Responsible Food Production and Sustainability

Environmental sustainability is just one component of “responsible food production”. Other essential components of responsible production include food safety, food security, animal welfare and socially sustainable production practices. Environmentally sustainable food production requires utilizing renewable resources such as sunlight, water and soil to yield food without depleting resources. From a practical application perspective, food production should have a neutral impact on biodiversity without expanding land use. A balanced approach to environmental sustainability as part of a circular approach to responsible food production requires the utilization and recycling of elements such as carbon, nitrogen, phosphorous and trace minerals.

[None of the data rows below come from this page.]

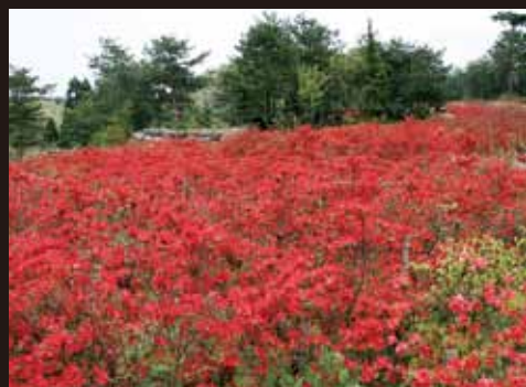
⑨ 炭谷ツツジ園 (武連)
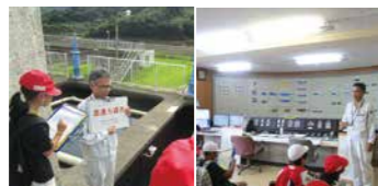
水道局施設管理班 ☎22-3838
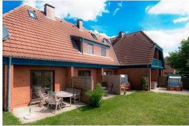
Ansicht von Wohnung 1-3

Die Unterkunft verteilt sich über EG und 1.OG.
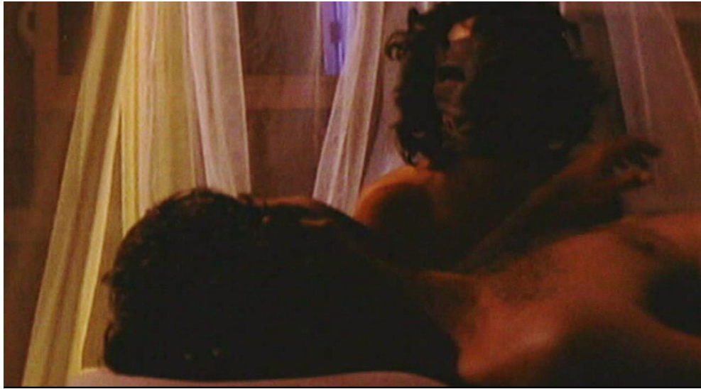
Figura 7. Cuadro de La Tigra . Película de Camilo Luzuriaga.
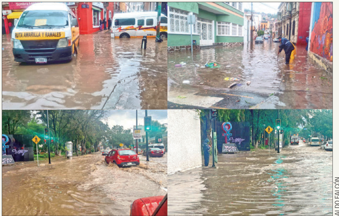
La intensa precipitación generó que el agua fluyera por espacio de una hora introduciéndose en algunos locales comerciales de calles, como: Guerrero, Doria Allende, Morelos, Hidalgo, Belisario Domínguez, la propia Avenida Revolución y Leandro Valle.
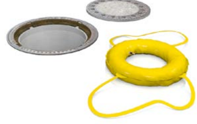
Schlauchschalung nach Aushärtung entnehmen.
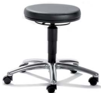
1256 S RI, 26 417 ■ výška sezení 46-58 cm, ■ za příplatek VP 56-76 cm ■ kruhový ovladač pístu
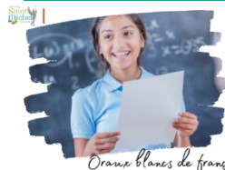
Oraux blancs de français

Pour rappel, la deuxième série d'oraux blancs de français se déroulera du mardi 21 au vendredi 24 mai 2024 .
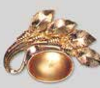
18小判型 19 × 14mm ゴールド ¥ 770 ¥700
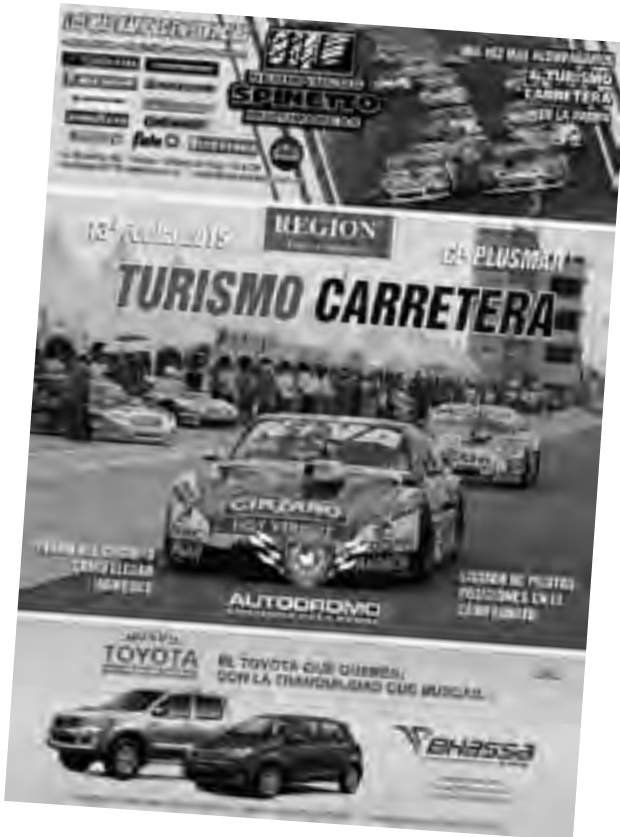
El suplemento color de REGION® con datos de la carrera se puede retirar hoy gratis de 9 a 18 hs. en nuestra redacción (uno por persona).
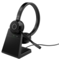
Jabra Evolve 65 TE - USB-A UC Stereo
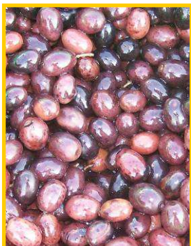
Olive Nere e Rosate
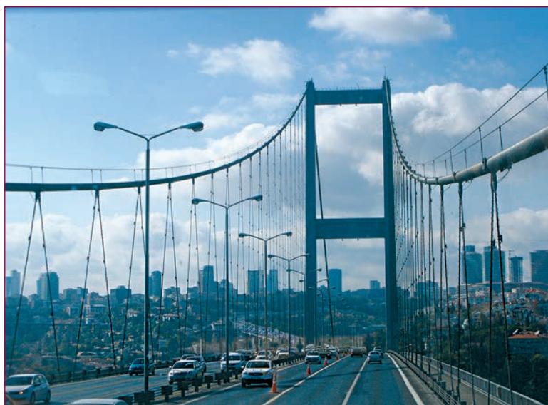
Мост через Босфор

Крайняя северная точка Турции — мыс Инджебурун — расположена на побережье Черного моря, рядом с городом Синоп. Крайняя южная — мыс Анамур, который находится на берегу Средиземного моря, недалеко от одноименного города; крайняя западная — мыс Баба — также является и самой западной точкой Азии; крайняя точка на востоке страны расположена на границе провинции Ыгдыр.
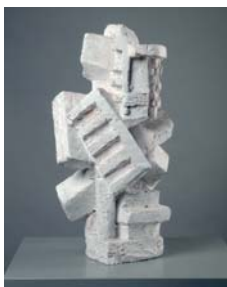
Composition cubiste [Kubistische Komposition], 1926/1927 Gips, Höhe 51,5 cm Kunsthau Zürich, Alberto Giacometti-Stiftung Geschenk Bruno und Odette Giacometti, 2006
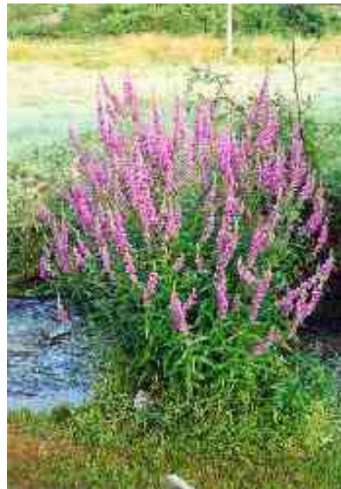
La lysimaque et la salicaire, deux plantes des bords des eaux indigènes
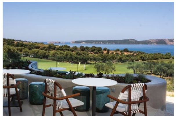
Messeniassa on upeita hiekkarantoja, joiden ansiosta se on suosittu lomakohde. Golf pidetään resortin sesonkia keväisin ja syksyisin.

Maisemat ovat vavahduttavan upeat, joten ei ole ihme, että
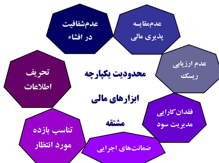
شکل ۳. چارچوب نظری پژوهش

نتایج پس از دو دور تحلیل دلفی نشان داد که تمامی مؤلفه‌های پژوهش براساس ضرب توافقی و میانگین مورد تأیید قرار گرفتند. براین اساس چارچوب نظری پژوهش در قالب شکل ۳ ارائه می‌شود.
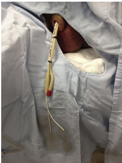
Figura 1 Catéteres rectos exteriorizados por uretra e introducidos a canal de drenaje de la sonda.

trayecto fistuloso e interposición de tejido nativo sano para prevenir recurrencias; en los casos en los que fallan todas las derivaciones también es factible hacer una embolización ureteral. Usualmente la reparación quirúrgica se debe hacer después de 6 meses, cuando el trayecto ha madurado y la inflamación local ha disminuido 1 .

Renewed attention is being placed not only on food production systems but also on the changing mindset of farmers and what motivates their practices. As fewer but larger farms feed the world, today’s beef farmers are balancing economic objectives with environmental stewardship and animal welfare. A recent report from the Intergovernmental Panel on Climate Change (IPCC) illustrates how today’s farms have tremendously increased productivity without requiring much additional natural resources.  Since the early 1960s, cropland has increased just 15% globally and pastures have grown by 8%, while cropland production has increased 3.5 times, and animal production has increased 2.5 times. More food is available for a global population that has doubled in the same time.  The IPCC experts also indicate that greenhouse gas emissions per unit of food produced are about 60% lower than in 1960, showing that although the total footprint of food production has increased, this has not happened proportionally to food production or human population growth. These productivity and efficiency achievements are the result of agricultural technologies mainly implemented in advanced economies. Implementation of these technologies in Iow-and mid-income countries can and will further reduce the global footprint of food. Low-and-mid-income geographies account for 70% of ruminant emissions today, but the transformation of these societies and their food production systems is on its way.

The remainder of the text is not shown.